Repeat every line of the data exactly; the pictures stay out.

[Opening Given records section]

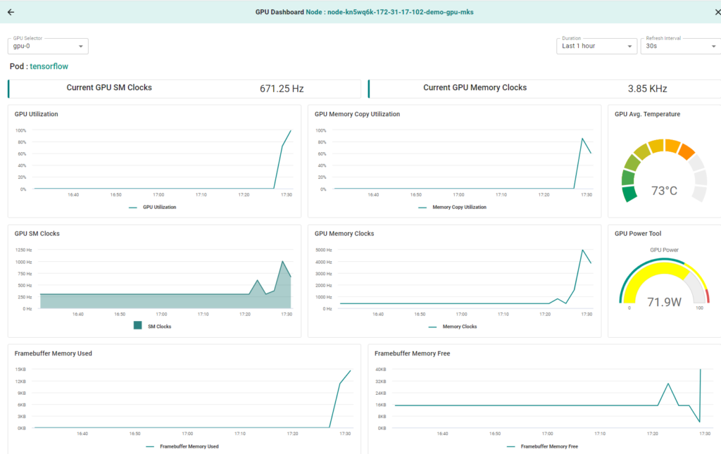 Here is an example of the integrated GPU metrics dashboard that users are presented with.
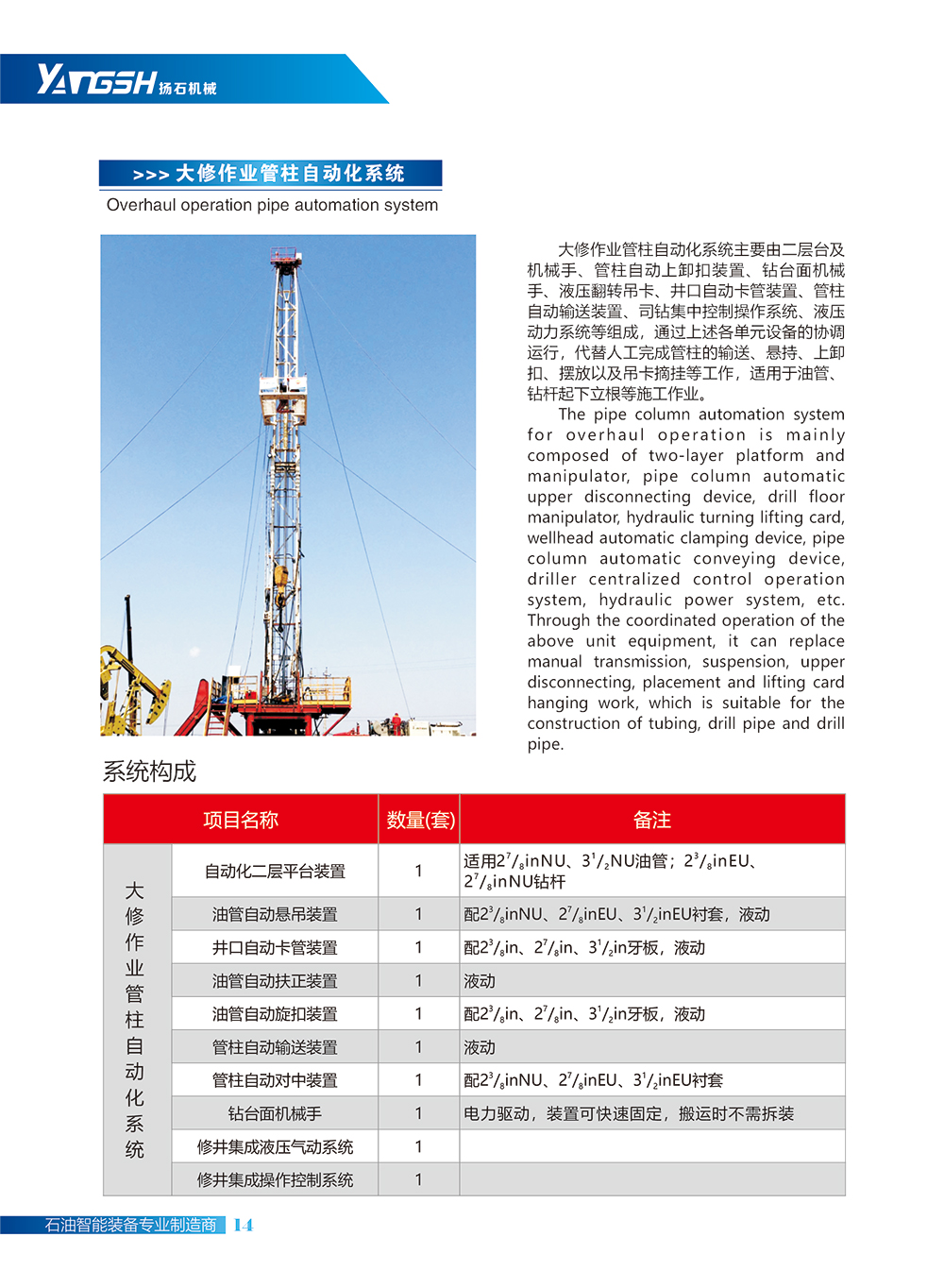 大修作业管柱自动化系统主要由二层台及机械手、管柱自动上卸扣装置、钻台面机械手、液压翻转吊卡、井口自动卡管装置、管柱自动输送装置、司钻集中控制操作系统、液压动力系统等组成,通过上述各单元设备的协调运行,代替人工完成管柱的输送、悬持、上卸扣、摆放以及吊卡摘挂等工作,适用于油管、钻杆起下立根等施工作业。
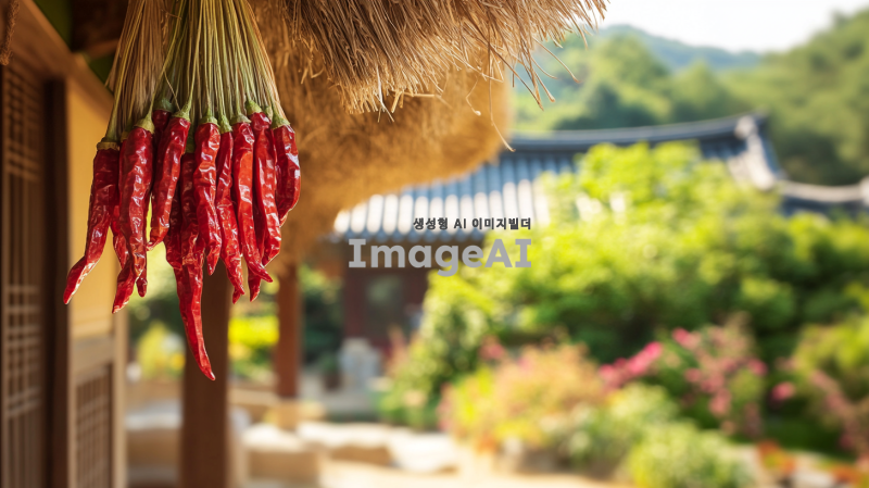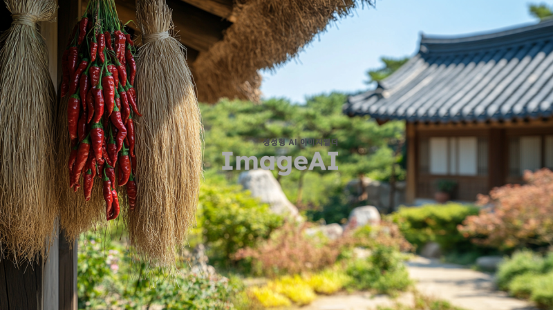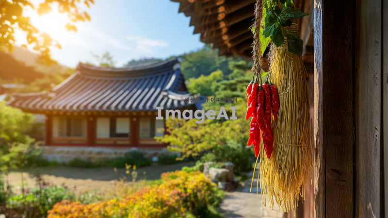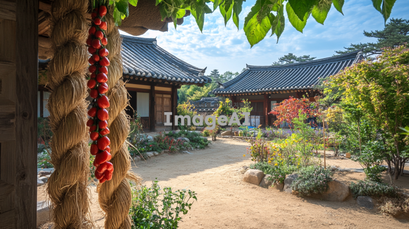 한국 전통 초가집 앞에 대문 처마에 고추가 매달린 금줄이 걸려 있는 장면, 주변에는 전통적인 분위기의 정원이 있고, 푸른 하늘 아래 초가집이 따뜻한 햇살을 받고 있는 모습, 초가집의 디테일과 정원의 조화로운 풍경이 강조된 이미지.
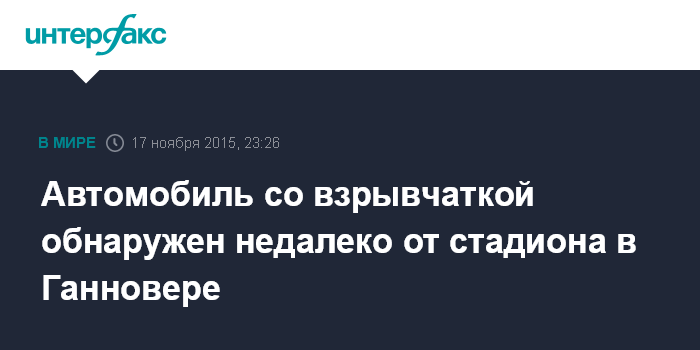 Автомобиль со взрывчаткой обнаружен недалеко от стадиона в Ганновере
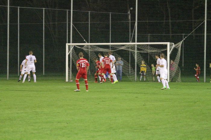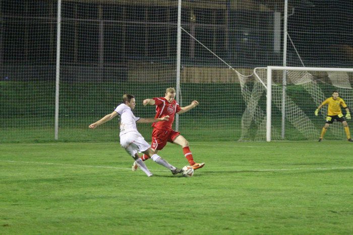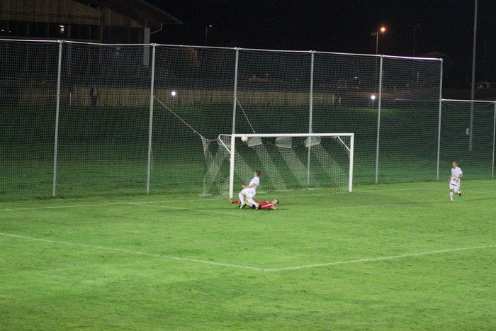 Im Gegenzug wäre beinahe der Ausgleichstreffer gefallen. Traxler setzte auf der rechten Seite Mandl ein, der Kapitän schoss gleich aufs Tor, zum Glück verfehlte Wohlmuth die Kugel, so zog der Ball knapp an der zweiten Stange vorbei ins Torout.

[Closing Given records section]

Output below:
 Here is an example of the integrated GPU metrics dashboard that users are presented with.
 大修作业管柱自动化系统主要由二层台及机械手、管柱自动上卸扣装置、钻台面机械手、液压翻转吊卡、井口自动卡管装置、管柱自动输送装置、司钻集中控制操作系统、液压动力系统等组成,通过上述各单元设备的协调运行,代替人工完成管柱的输送、悬持、上卸扣、摆放以及吊卡摘挂等工作,适用于油管、钻杆起下立根等施工作业。
 한국 전통 초가집 앞에 대문 처마에 고추가 매달린 금줄이 걸려 있는 장면, 주변에는 전통적인 분위기의 정원이 있고, 푸른 하늘 아래 초가집이 따뜻한 햇살을 받고 있는 모습, 초가집의 디테일과 정원의 조화로운 풍경이 강조된 이미지.
 Автомобиль со взрывчаткой обнаружен недалеко от стадиона в Ганновере
 Im Gegenzug wäre beinahe der Ausgleichstreffer gefallen. Traxler setzte auf der rechten Seite Mandl ein, der Kapitän schoss gleich aufs Tor, zum Glück verfehlte Wohlmuth die Kugel, so zog der Ball knapp an der zweiten Stange vorbei ins Torout.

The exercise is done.